| Tilmanns Corner - sed |
|---|
Quickstart:
--> Links
--> Apache log analyser
--> Mail addsfilter
--> Mail to HTML
--> Pine addresses to Vim
--> Callerid to Vbox
--> Indexhtml
--> diff(1) HTML beautifier
<-- Tilmanns Corner
<-- Mainpage
| Links |
|---|
SED links from the excellent FAQ from http://www.student.northpark.edu/pemente/sed/sedfaq.html
| Eric Pement | http://www.student.northpark.edu/pemente/sed/index.htm |
| Seders Grab Bag | http://spazioweb.inwind.it/seders/ |
| Sven Guckes | http://www.math.fu-berlin.de/~guckes/sed/ |
| Felix von Leitner | http://www.math.fu-berlin.de/~leitner/sed/ |
| Yiorgos Adamopoulos | http://www.dbnet.ece.ntua.gr/~george/sed/ |
| apache log analyser |
|---|
A very simple Weblog analyser, which extracts the search words from google and
altavista referrers, marking them with an a for altavista or G google.
Download here: sedlog.gz
Usage:
$ wget http://tibit.org/sedlog.gz $ gzip -d sedlog.gz $ chmod +x sedlog $ ./sedlog access.log | vim - |
| Mail addsfilter |
|---|
A sed script that I use as an incoming mail filter to get rid of the adds in some newsletters I am subscribed to. I don't had any bad side effect until now ;-) This is used in conjunction with procmail; below is a sample procmail entry:
# remove adds in billiger
/+-.*-+/,//{
/+-\{10,\}ANZEIGE-*+/{
c\
WERBUNG ENTSORGT
} ;# if pattern found, which is the
;# last line of the add, change it
;# to Werbung entsorgt.
d ;# delete pattern-space.
}
# remove footer in billiger
/^\*\**\*\ $/,/^$/d
# remove gmx-adds
/^####*Anzeige###*$/,/^##*#$/{ ;# // repeats last regexp
//{ ;# if // found
N ;# append next line to pattern-buffer
/\n$/c\
WERBUNG ENTSORGT
} ;# if a \n is at the end of pattern-space
;# change it to WERBUNG ENTSORGT
d ;# delete pattern-space
}
|
:0fw: * ^From:.*\<gmxred@gmx\.net\>.* | sed -f $HOME/scripts/sed/deladds.sed >> /home/tibit/mail/.IN/gmx |
| Mail to HTML |
|---|
This script converts emails to HTML which is quite nice for printing. Note that this is not written by me, just modified.
URL: mail2html.sed
| Pine adresses to vim |
|---|
I use pine as my mailclient
and Vim as my editor to write the mail.
I wanted to use the email addresses defined in pine's .addressbook file as abbrevations in Vim.

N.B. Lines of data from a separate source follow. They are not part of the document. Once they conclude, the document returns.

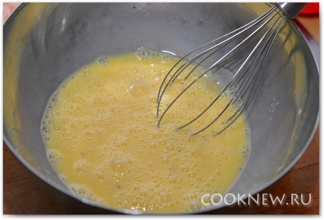 Венчиком взбиваем яйца и молоко, солим и перчим; отставляем в сторону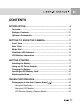 CONTENTS INTRODUCTION------------------------------------------------------------9 Overview------------------------------------------------------------------------------9 Package Contents-----------------------------------------------------------------10 Optional Accessories------------------------------------------------------------10 GETTING TO KNOW THE CAMERA---------------------------------11 Front View---------------------------------------------------------------------------11 Rear View--------------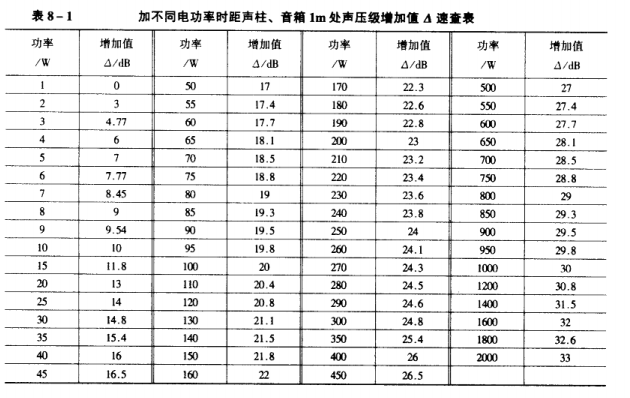 距聲柱、音箱1m處的總聲壓級為該聲柱、音箱的靈敏度加上根據其所加電功率從表8-1中查得的增加值,其計算公式為▲=10lgP,式中P為所加的電功率,單位為W。例如,某聲柱的額定電功率為50W,其靈敏度為98(dB.1m/1W)。則根據額定功率為59W從表8-1中可查到其增加值為17dB,加上靈敏度98dB,其和為115dB,所以給該聲柱加額定功率時,在距聲柱1m處的聲壓級將應為115dB。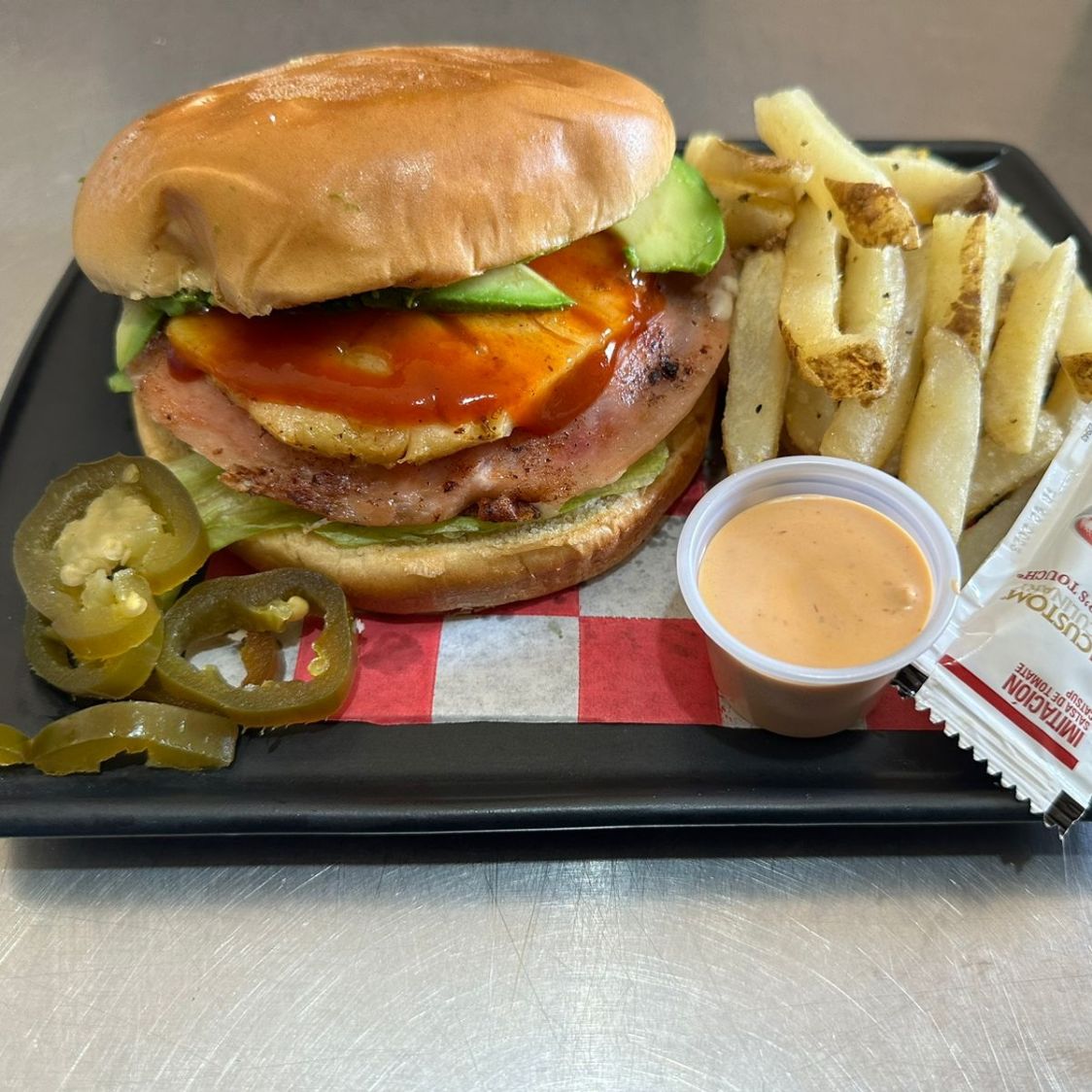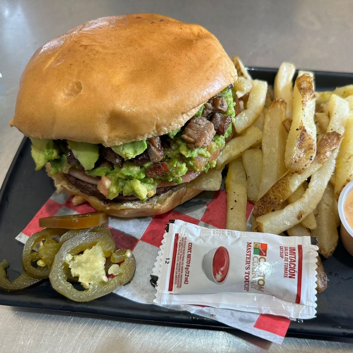 carne de arrcahera, tocino, aros de cebolla, mix de verduras, aderezo chipolte y acompañado de papas a la francesa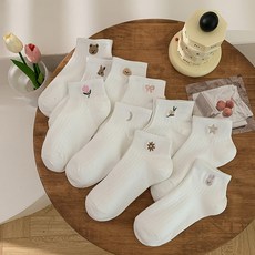 워더미 여성용 깔끔 자수 발목 양말 10종 세트 M1001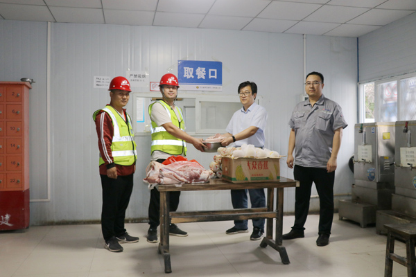之后,刘志刚带着月饼、猪肉等慰问品到作业班组生活区对一线工人进行慰问,在食堂刘志刚把猪肉递到班组长手里并嘱咐他们一定要提高节日期间的伙食水平,让坚持在现场施工的工人吃好,消除他们的后顾之忧。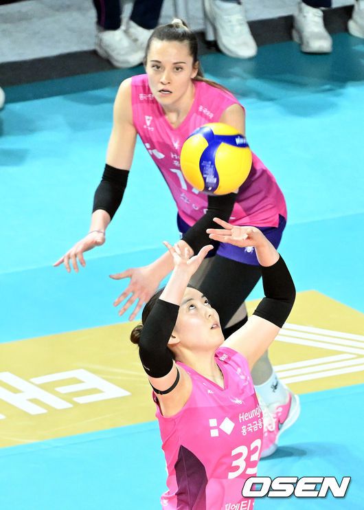14일 오후 인천 삼산월드체육관에서 프로배구 진에어 2025~26 V리그 흥국생명과 한국도로공사의 경기가 열렸다.흥국생명은 11승 10패로 3위, 한국도로공사는 승점 17승 4패로 1위를 기록하고 있다.1세트 흥국생명 이나연이 토스를 시도하고 있다. 2026.01.14 /sunday@osen.co.kr 14일 오후 인천 삼산월드체육관에서 프로배구 진에어 2

The following script generates these abbrevations of the following form: mm<NICKNAME>
URL: pine_addr_2_vim_ab.sed
# Format .addressbook to vim abbrevations
:redo; # Define label redo
$s/\([^ ]*\) [^ ]* \([^ ]*\).*/ab mm\1 \2\3/
N;
/\n /!{
s/\([^ ]*\) [^ ]* \([^ ]*\)[^\n]*\(\n\)/ab mm\1 \2\3/
P
D
}
s/\n//g
s/ *//g
b redo;
|
| Callerid to Vbox |
|---|
Generates ISDN callerid.conf entries to the vbox form. WARNING: adjust the dialing prefix.
/^#/d
/^$/d
/^ZONE.*/d
/^INTERFACE.*/d
/^\[MSN\]/{
N
N
s/^\[MSN\]\nNUMBER\ *=\ *//
s/ALIAS\ *=\ *//
s/\n/ - /
s/^+49//
s/^+//
/^[0-9]\{8,\}/!{
/^711/!s/^/711/
# ^^^ ^^^ Anpassen
}
s/_/ /g
}
|
| Indexhtml |
|---|
A pretty long script which generates an index of links of an HTML file.
I recently recognized when you print a website you can't click on the links anymore ;-)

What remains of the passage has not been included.